The next time you find yourself in the luxurious Bauer Hotel on the Grand Canal in Venice, Italy, notice the soap in the restrooms. It’s a Santa Maria degli Angeli product, made by inmates of the women’s prison on Giudecca Island just south of Piazza San Marco. At least 12 of the 75 prisoners work in the 6,000-square-metre (65,000-square-foot) garden, greenhouse and cosmetics laboratory at the prison. They grow vegetables, as well as aromatic and medicinal plants, to make biodynamic soaps, shampoos, bath foams, deodorants and creams.
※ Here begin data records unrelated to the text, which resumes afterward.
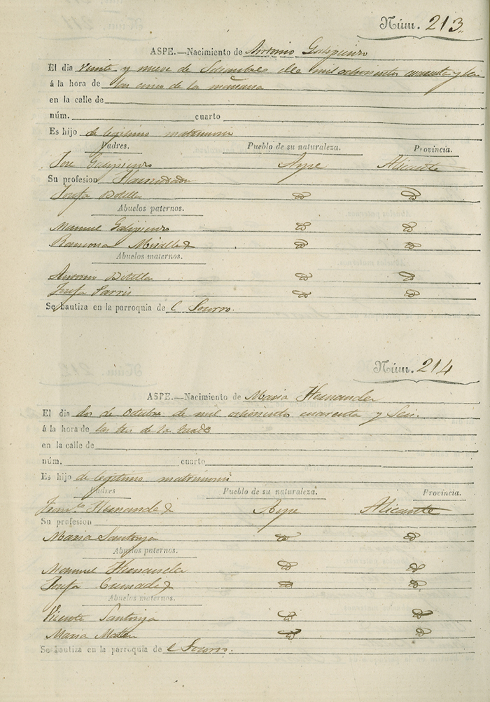 Registro civil de nacidos de la Villa de Aspe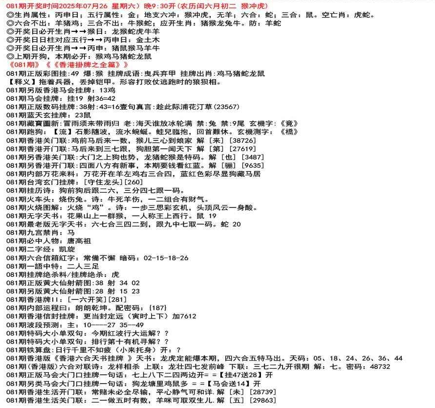 111期香港生活关门联:鸡前马后来一数,猴儿三心到娘家 解 【来】【38726】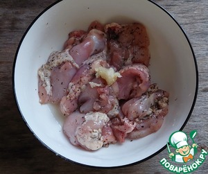 В половине специй обвалять куриное мясо. Добавить чеснок и имбирь, натертые на мелкой тёрке. Полить соком лимона (1/4 лимона). Хорошо перемешать, оставить мариноваться на 20-30 мин.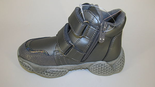 Оригинальные стильные демисезонные ботинки на байке от фирмы Сказка для девочек серого цвета с серебром. Очень красивые в реальности, фото не передает полностью блеск и добротность. В середине мягкая байка (флис).На липучках. Сбоку замочек. Удобные. Продаются в индивидуальной фирменной коробочке. Подходят на любой подъем и полноту ножки.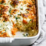 This casserole pairs beautifully with a crisp green salad dressed lightly in lemon vinaigrette or a side of roasted seasonal vegetables like broccoli or carrots, providing refreshing balance and a variety of textures on the plate.

Then they sell them to local hotels. The vegetables are used at the prison and sold on Giudecca Island.
The inmates got into the business thanks to the Rio Terà dei Pensieri co-operative of Venice. Members have been working with local prisons for years. For the women of Giudecca Island prison, the benefits of being involved in a business are striking. “An inmate who has worked is always better prepared and equipped for life outside,” says co-operative president Gian Pietro D’Errico.
“Before [doing this], I often stayed in bed all day,” says one 30-year-old inmate, who’s six years into an eight-year sentence for dealing drugs. “Now I have a reason to get up in the mornings,” as workers can earn up to $1,100 a month. On release, the inmate hopes to have “a family and a job, just like everybody else.” And having a job inside won’t hurt when it’s time for her to get one outside.